TASK ITEM: In the data below, find every line that has the string "with", and copy it.

Excerpts from a dataset:
▼

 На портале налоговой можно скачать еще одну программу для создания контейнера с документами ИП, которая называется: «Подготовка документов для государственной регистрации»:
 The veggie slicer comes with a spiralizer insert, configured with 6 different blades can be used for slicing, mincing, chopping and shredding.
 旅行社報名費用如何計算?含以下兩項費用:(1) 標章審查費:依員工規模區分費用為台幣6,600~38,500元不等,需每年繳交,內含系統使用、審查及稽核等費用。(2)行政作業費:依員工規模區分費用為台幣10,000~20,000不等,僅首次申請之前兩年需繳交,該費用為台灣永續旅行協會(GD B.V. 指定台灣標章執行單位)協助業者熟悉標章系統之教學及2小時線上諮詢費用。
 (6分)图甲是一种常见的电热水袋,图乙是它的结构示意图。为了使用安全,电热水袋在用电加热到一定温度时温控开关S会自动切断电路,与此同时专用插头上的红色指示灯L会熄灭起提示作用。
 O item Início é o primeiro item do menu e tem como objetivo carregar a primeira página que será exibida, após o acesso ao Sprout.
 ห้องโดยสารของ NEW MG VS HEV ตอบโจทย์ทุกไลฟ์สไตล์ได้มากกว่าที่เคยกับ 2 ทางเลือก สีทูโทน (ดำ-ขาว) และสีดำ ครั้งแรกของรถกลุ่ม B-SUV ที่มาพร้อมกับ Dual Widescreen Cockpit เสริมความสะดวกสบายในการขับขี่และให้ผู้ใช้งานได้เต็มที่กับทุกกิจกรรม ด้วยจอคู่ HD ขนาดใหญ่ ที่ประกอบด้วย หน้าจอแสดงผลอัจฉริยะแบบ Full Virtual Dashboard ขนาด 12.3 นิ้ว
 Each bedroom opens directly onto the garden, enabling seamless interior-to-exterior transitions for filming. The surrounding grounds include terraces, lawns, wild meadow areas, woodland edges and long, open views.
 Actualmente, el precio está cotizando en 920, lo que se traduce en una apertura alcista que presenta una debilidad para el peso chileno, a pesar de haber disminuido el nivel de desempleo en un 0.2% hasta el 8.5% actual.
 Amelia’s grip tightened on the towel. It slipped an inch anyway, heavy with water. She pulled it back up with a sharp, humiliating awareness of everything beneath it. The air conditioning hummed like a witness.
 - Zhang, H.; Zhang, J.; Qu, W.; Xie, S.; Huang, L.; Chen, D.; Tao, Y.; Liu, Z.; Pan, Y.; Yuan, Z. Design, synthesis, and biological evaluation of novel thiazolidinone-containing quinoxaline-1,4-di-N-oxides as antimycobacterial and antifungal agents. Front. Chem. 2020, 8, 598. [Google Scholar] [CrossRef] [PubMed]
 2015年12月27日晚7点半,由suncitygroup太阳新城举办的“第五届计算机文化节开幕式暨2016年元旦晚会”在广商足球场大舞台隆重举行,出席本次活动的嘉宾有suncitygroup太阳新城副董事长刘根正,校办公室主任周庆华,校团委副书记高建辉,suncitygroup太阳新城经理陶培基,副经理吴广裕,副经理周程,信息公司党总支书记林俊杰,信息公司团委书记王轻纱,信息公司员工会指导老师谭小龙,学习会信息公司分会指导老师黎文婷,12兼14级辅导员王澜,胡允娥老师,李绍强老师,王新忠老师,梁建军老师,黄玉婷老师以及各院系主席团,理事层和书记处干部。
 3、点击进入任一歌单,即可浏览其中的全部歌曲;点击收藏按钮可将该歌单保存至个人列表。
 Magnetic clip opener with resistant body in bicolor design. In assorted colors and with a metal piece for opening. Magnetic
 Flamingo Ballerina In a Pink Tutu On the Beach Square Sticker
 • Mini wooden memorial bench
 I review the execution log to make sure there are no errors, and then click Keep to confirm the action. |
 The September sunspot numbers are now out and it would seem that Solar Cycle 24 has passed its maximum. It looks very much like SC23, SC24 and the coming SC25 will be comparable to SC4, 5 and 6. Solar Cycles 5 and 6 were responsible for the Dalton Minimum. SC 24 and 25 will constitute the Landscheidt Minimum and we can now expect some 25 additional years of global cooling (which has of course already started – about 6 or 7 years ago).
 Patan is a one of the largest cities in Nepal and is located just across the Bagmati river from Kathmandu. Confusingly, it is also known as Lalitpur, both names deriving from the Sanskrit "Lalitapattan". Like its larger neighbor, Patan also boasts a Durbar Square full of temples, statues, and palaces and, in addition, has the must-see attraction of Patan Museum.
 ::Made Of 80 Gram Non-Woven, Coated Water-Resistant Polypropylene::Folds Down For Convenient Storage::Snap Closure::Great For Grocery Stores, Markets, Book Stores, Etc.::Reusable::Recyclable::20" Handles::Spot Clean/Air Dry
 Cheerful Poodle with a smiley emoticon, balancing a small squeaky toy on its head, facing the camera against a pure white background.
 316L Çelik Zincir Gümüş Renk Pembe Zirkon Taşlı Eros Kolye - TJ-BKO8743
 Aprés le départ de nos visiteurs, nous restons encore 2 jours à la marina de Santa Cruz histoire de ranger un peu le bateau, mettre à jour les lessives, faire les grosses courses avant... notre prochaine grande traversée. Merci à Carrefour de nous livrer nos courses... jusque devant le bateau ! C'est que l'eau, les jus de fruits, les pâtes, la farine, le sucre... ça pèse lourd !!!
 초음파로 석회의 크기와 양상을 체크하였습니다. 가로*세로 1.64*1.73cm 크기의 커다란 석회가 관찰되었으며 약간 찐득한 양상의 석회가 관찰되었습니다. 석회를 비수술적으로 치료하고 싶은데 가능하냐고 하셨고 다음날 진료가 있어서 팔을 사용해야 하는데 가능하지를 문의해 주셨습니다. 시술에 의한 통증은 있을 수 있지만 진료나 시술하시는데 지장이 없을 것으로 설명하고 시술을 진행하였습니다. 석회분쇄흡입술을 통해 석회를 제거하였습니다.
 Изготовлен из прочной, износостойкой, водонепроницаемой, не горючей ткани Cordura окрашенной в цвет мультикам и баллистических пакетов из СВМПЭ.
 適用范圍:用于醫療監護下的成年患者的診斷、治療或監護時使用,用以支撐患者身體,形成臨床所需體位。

▲

TASK SOLUTION:
 The veggie slicer comes with a spiralizer insert, configured with 6 different blades can be used for slicing, mincing, chopping and shredding.
 Amelia’s grip tightened on the towel. It slipped an inch anyway, heavy with water. She pulled it back up with a sharp, humiliating awareness of everything beneath it. The air conditioning hummed like a witness.
 Magnetic clip opener with resistant body in bicolor design. In assorted colors and with a metal piece for opening. Magnetic
 Cheerful Poodle with a smiley emoticon, balancing a small squeaky toy on its head, facing the camera against a pure white background.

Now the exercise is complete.